• _Exercise_: In the records below, the relevant part opens with the line containing "Felicitarea Anterioara Felicitarea" and closes with the line containing "روزنامه استخدامی استان"; print that part exactly and only, without its pictures.

--- Supplied material ---

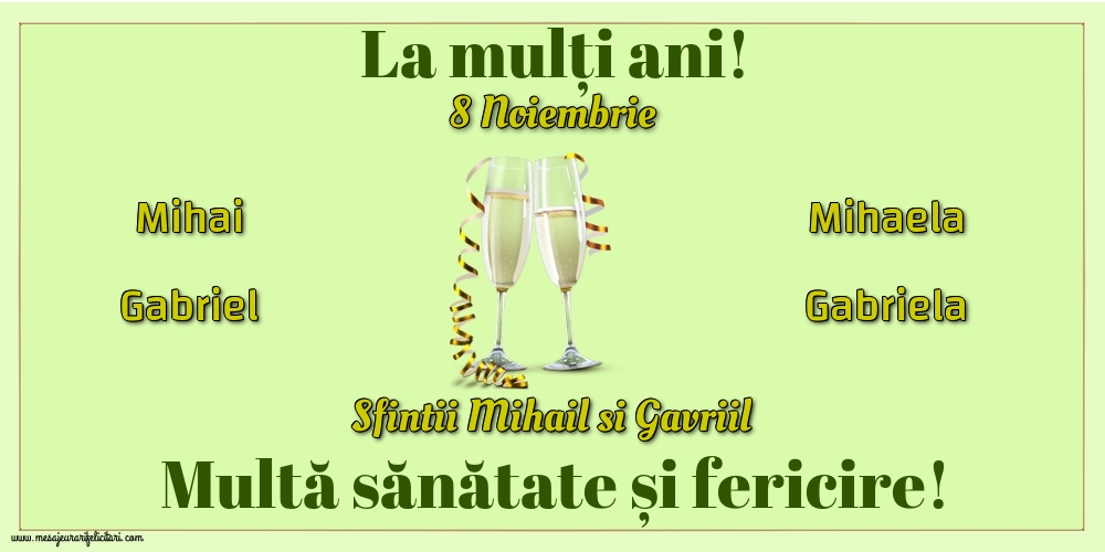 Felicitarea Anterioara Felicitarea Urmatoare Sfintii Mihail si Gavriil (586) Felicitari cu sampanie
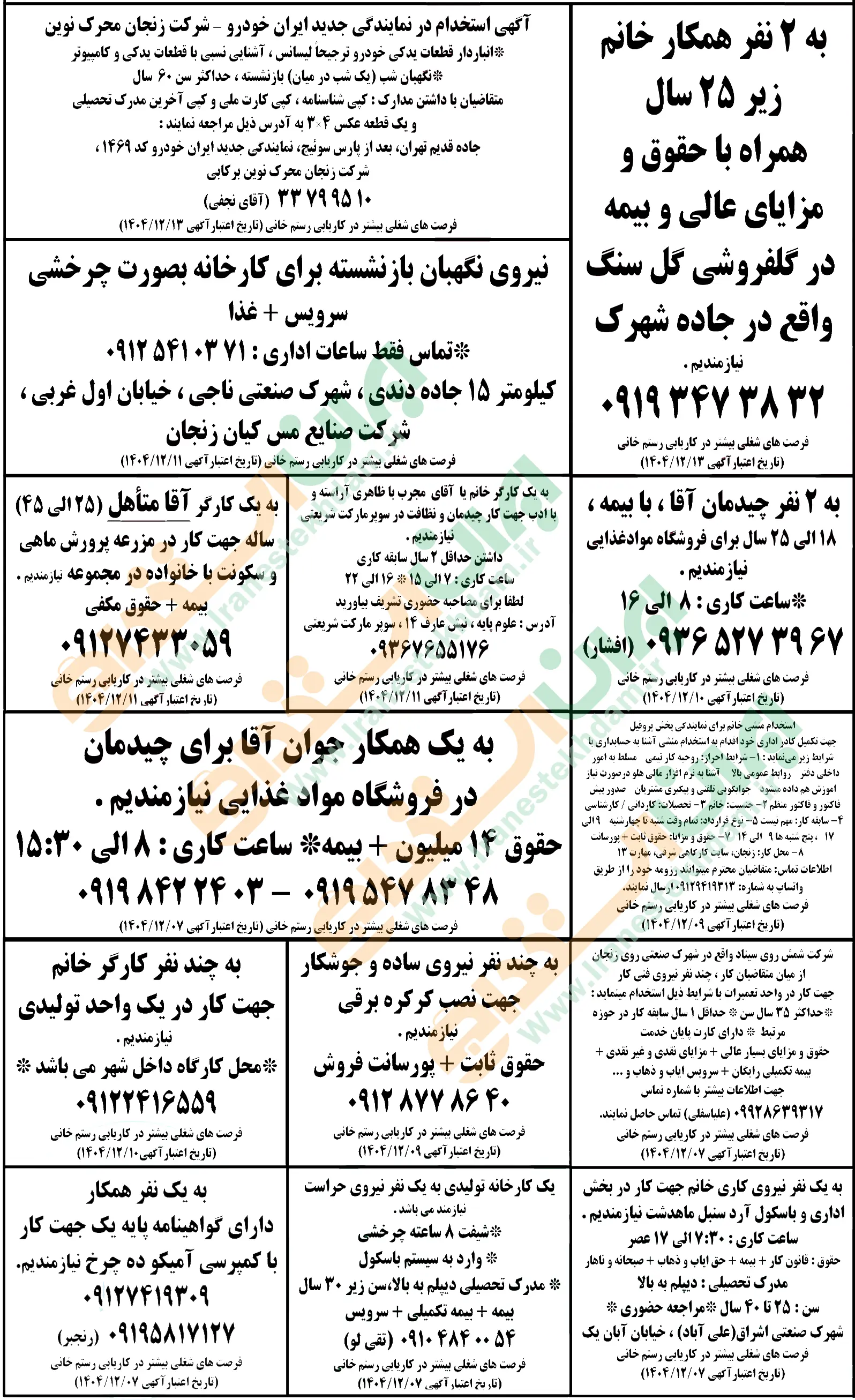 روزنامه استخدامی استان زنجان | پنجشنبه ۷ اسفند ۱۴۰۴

---
--- Supplied material ---

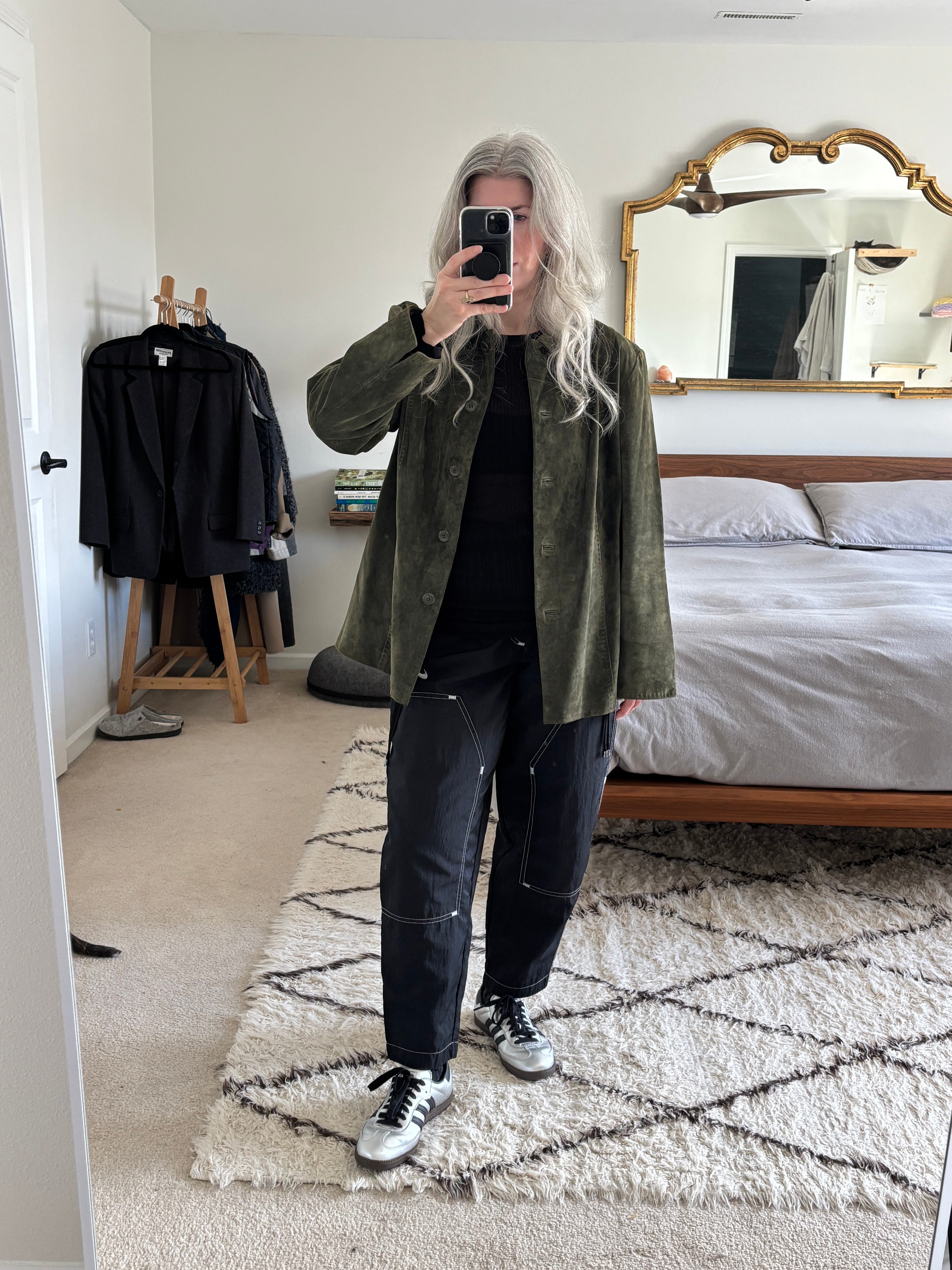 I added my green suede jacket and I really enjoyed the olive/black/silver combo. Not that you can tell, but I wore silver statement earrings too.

---

• _Output_:
 Felicitarea Anterioara Felicitarea Urmatoare Sfintii Mihail si Gavriil (586) Felicitari cu sampanie
 روزنامه استخدامی استان زنجان | پنجشنبه ۷ اسفند ۱۴۰۴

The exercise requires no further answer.